**Work instruction**
Retype each line below precisely and omit all images.

**Data section**
◆ ◆ ◆ ◆ ◆
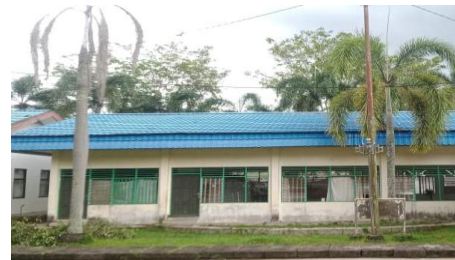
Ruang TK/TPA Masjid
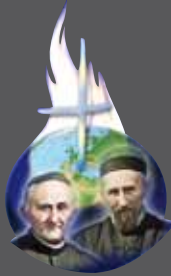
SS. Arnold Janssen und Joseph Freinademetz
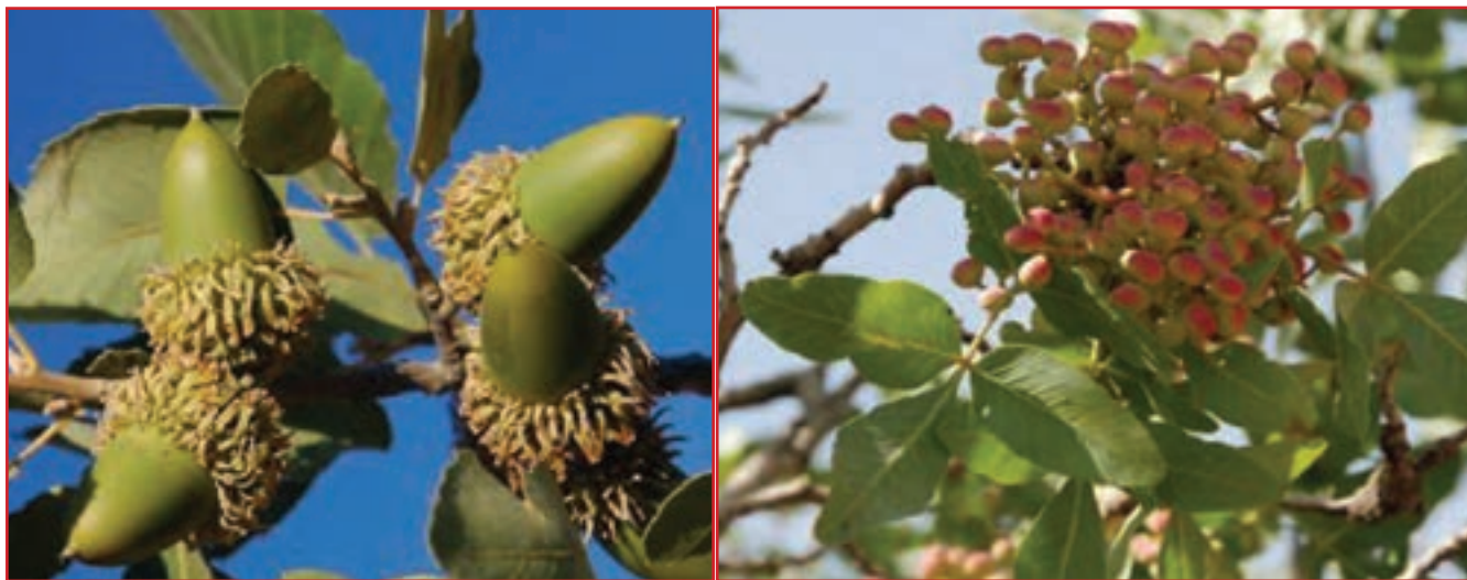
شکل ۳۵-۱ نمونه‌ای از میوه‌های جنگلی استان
◆ ◆ ◆ ◆ ◆
**Exercise answer**
Ruang TK/TPA Masjid
SS. Arnold Janssen und Joseph Freinademetz
شکل ۳۵-۱ نمونه‌ای از میوه‌های جنگلی استان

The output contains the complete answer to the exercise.